Capítulo 13. Reencuentro.
Miré el reloj. Tenía media hora exacta para llegar y todavía estaba debatiéndome con la idea de regresar por Natsuki. Esa mirada de decepción que traía. Y el llanto de anoche, todo me tenía muy confundida.
No me esperaba que Natsuki hiciera planes para salir conmigo hoy. Últimamente está evitándome por las tardes. Desde que todo esto comenzó.
Prendí la radio y traté de despejar la mente. De enfocar en lo que estaba haciendo. No quería entrar en piloto automático al conducir porque eso podría causarme un accidente.
Estos días mi mundo había girado alrededor de Natsuki, toda mi energía estaba en ella. Había olvidado el trabajo, mis responsabilidades y todo lo demás, porque como siempre, ella había vuelto a poner mi mundo de cabeza.
Natsuki no podía tomar el control de mi vida y hacer lo que le diera la gana ¿No?
Y tenía que asumir y aunque me reprendía por eso, no podía evitarlo.
Puse atención al camino, y conduje por media hora. Hasta que finalmente llegué, 5 minutos antes de que dieran las 3.
Mi teléfono volvió a sonar. Era Rosalie. Le contesté y sin más seguí sus instrucciones para dar con el lugar donde ella estaba.

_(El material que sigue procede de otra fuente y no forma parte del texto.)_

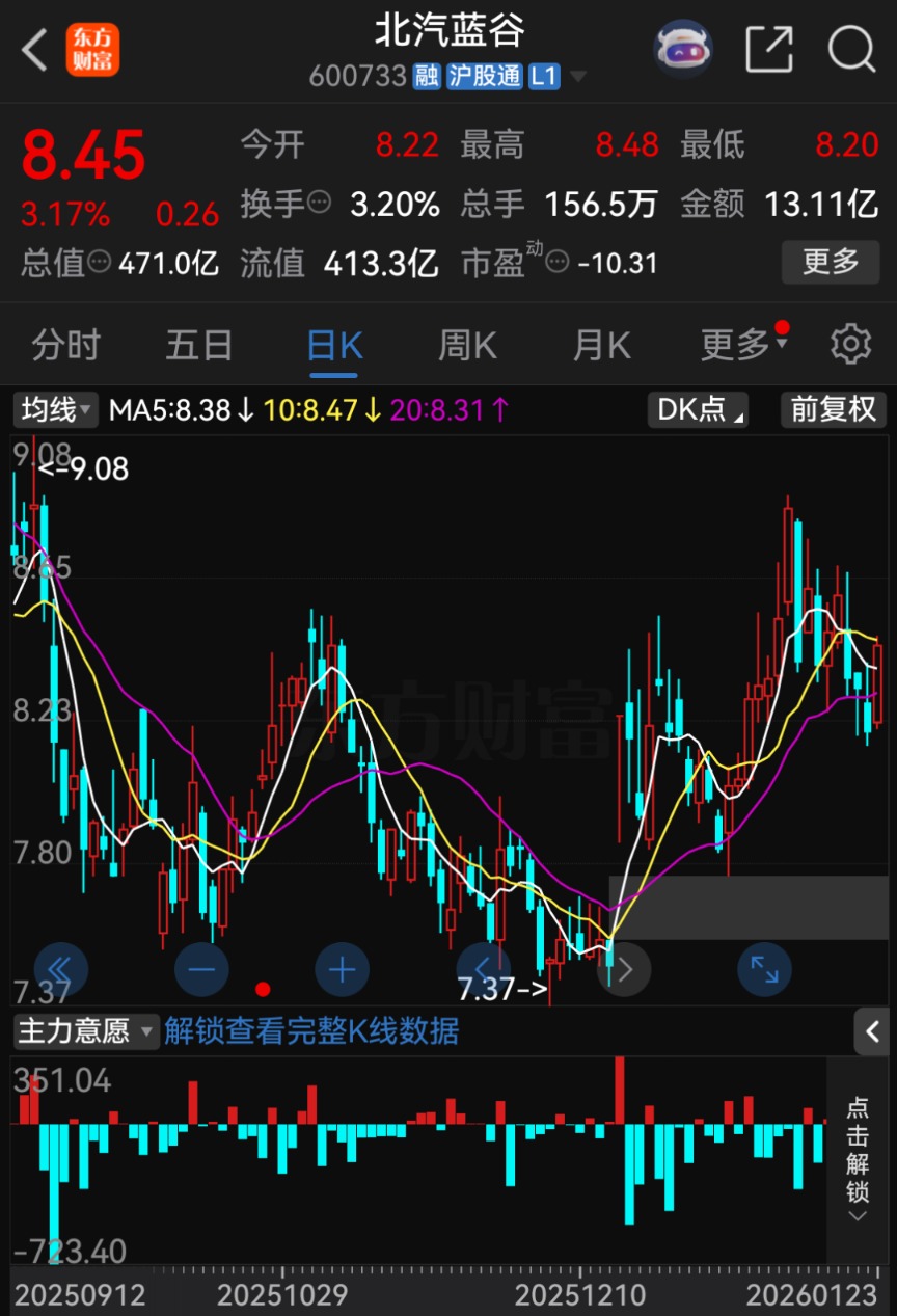 截至1月23日收盤,北汽藍(lán)谷股價(jià)報(bào)8.45元/股,漲幅達(dá)3.17%,總市值為471億元。
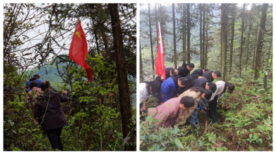 最后党员们沿着崎岖的小路来到烈士陵墓祭扫,党员们深深三鞠躬,表达了对烈士们最崇高的敬意,他们的思想光芒,将激励着党员们砥砺奋进,不断前行。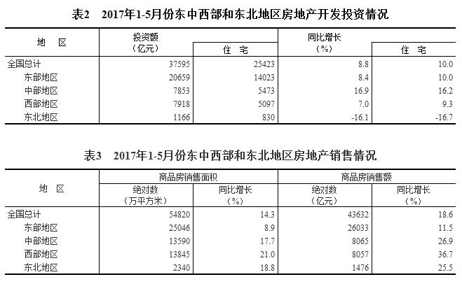 1-5月份,东部地区房地产开发投资20659亿元,同比增长8.4%,增速比1-4月份回落0.3个百分点;中部地区投资7853亿元,增长16.9%,增速提高0.1个百分点;西部地区投资7918亿元,增长7.0%,增速回落0.7个百分点;东北地区投资1166亿元,下降16.1%,降幅扩大2.4个百分点。
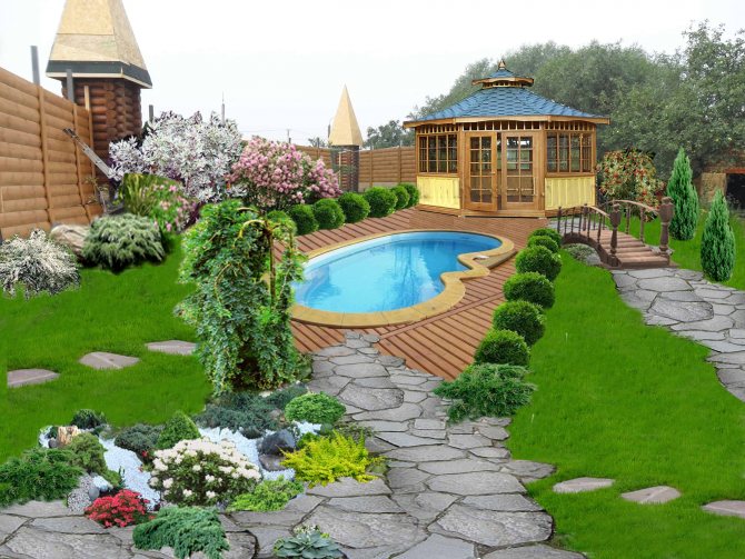 Но если это удается, то «овчинка выделки стоит». Участок получается оригинальным, необычным, в большей степени напоминающим естественную природу, располагающим к спокойствию и приятному отдыху.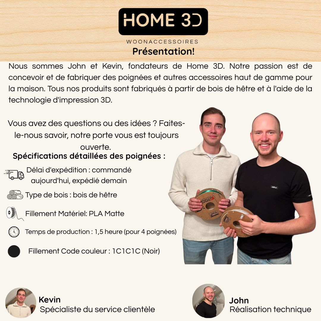 De nos jours, nous avons l’habitude de dire : commandé aujourd’hui, livré demain. Chez nous, c’est un peu différent. Nous ne produisons pas nos produits en masse, mais nous fabriquons chaque pièce sur mesure. Dans notre grenier, nous combinons la technologie moderne d’impression 3D avec le bois de hêtre traditionnel. Chaque pièce est sciée, poncée, percée et imprimée par nos soins, puis finie et contrôlée à la main.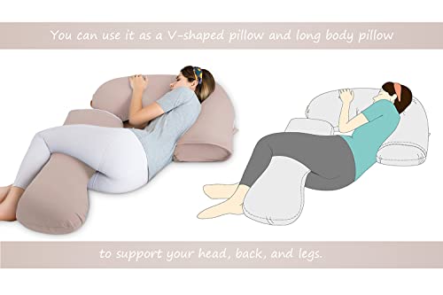 All in One Pillow and Widely Use Pillow. Maternity body pillow support a cushion when you are sleeping, watching TV/ movie, reading, resting, playing games, and working at home. It cradles your body to reduce tossing and turning, providing you a quality sleep and keep your neck, shoulder, back and hip aligned during night. Also, the pillow is foldable into multiple position to elevate your leg to improve blood circulation. Relieving pregnancy swelling is so important for pregnant women.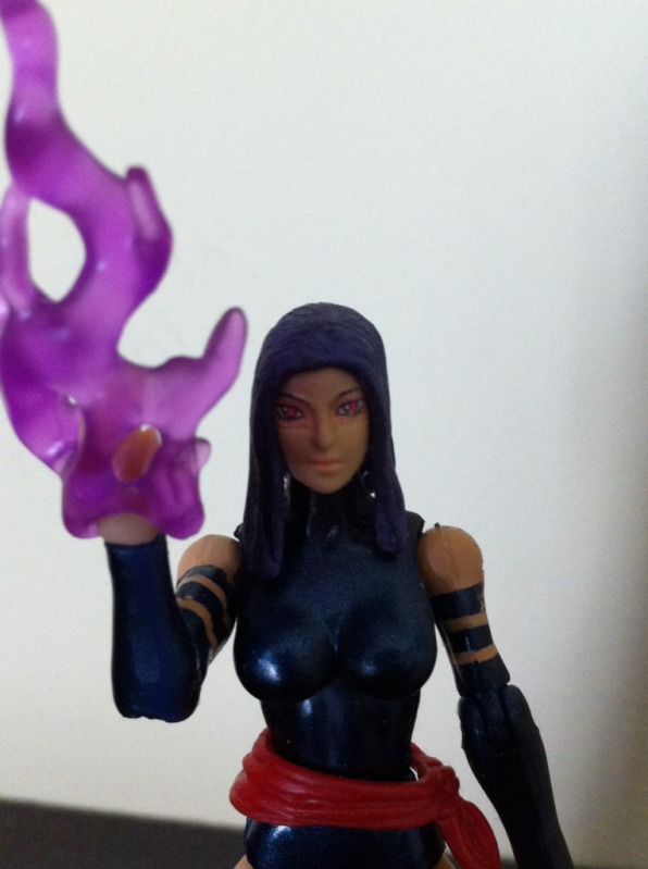 I switched out her head with a Cheetara from Thundarcats line -modified by cutting off the ears - painted to match skin tone of her body The Hair is from a X-23 - painted purple I think it gives her a more Asian look to her. |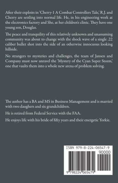 After their exploits in 'Cherry-1 A Combat Controllers Tale,' R.J. and Cherry are settling into normal life. He, in his engineering work at the electronics factory and She, at her children's clinic. They have one young son, Douglas. The peace and tranquility of this relatively unknown and unassuming community was about to change with the shock wave of a single .22 caliber bullet shot into the side of an otherwise innocuous looking hillside. No strangers to mysteries and challenges, the team of Jansen and Company must now unravel the 'Mystery of the Cyan Super Storm,' one that vaults them into a whole new arena of problem solving.

Al verme se emocionó y se lanzo a mis brazos. Me dio un abrazo largo al cual respondí.
Cuando finalmente me soltó, me dijo:
–Vaya vaya... pero si estás igualita, el tiempo no te ha pasado. Sigues igual de guapa a cómo te recuerdo.
– Ara, yo esperaba que dijeras que me puse más guapa– Le respondí jugando.
–Jajaja, más ya no se puede. Bueno, tal vez con otra ropa... más ya sabes, no es que este mal Shizuru, pero ese modelito es muy recatado– Me dijo sujetando los extremos de mi gabardina – Parece que vienes a una cita de negocios...
– ¿Y acaso venía a una fiesta?
–Necesitas cambiar de outfit de vez en cuando... ¿Qué tal un vestidito?
– ¿Viste el pronóstico del clima? La que va a sufrir con ese vestido eres tú.
–No tuve tiempo de ver el clima. Por cierto te vez muy bien con el cabello recogido.
–Y tú... Te dejaste crecer el cabello.
– ¿Te gusta? Es la última moda en Europa.
–Ara, se te ve muy bien.
Nos tomamos unos segundos más en notar todos nuestros cambios y luego Rosalie sugirió ir a un restaurante, así que nos encaminamos. El lugar era muy lindo y moderno.
La mesera no llevó enseguida a una mesa cuadrada. Me senté y Rosalie tomó la silla que estaba frente a mí.
La mesera nos ofreció la carta y espero paciente.
– Todo se ve delicioso, no crees Shizuru.
– Aja.
– ¿Qué se te antoja?
– Yo creo que algo ligero– Le respondí y miré a la mesera – Una ensalada especial por favor y un té verde
– Para mí un sushi de salmón y un té de frutas– Pidió Rosalie
– Como ustedes gusten, en seguida regreso con sus platillos – Respondió la mesera y tras una reverencia se retiró.
Rosalie y yo nos miramos. Tenía mucho tiempo que no nos veíamos. Ahora Rosalie se veía más madura. Aunque, sus ojos azules todavía proyectaban esa picardía.
–Y cuéntame, ¿Qué te has hecho, qué ha sido de ti en estos 4 años de no vernos?
– Fufufu, pues no mucho, en realidad.
– Sigues trabajando en tu empresa.
– Si, continúo haciendo marketing para diferentes empresas. Ya tengo a casi 100 empleados trabajando conmigo, últimamente solo me he dedicado a supervisar. No me ha ido nada mal. En estos dos últimos años nos hemos hecho de unos clientes muy convenientes para el negocio.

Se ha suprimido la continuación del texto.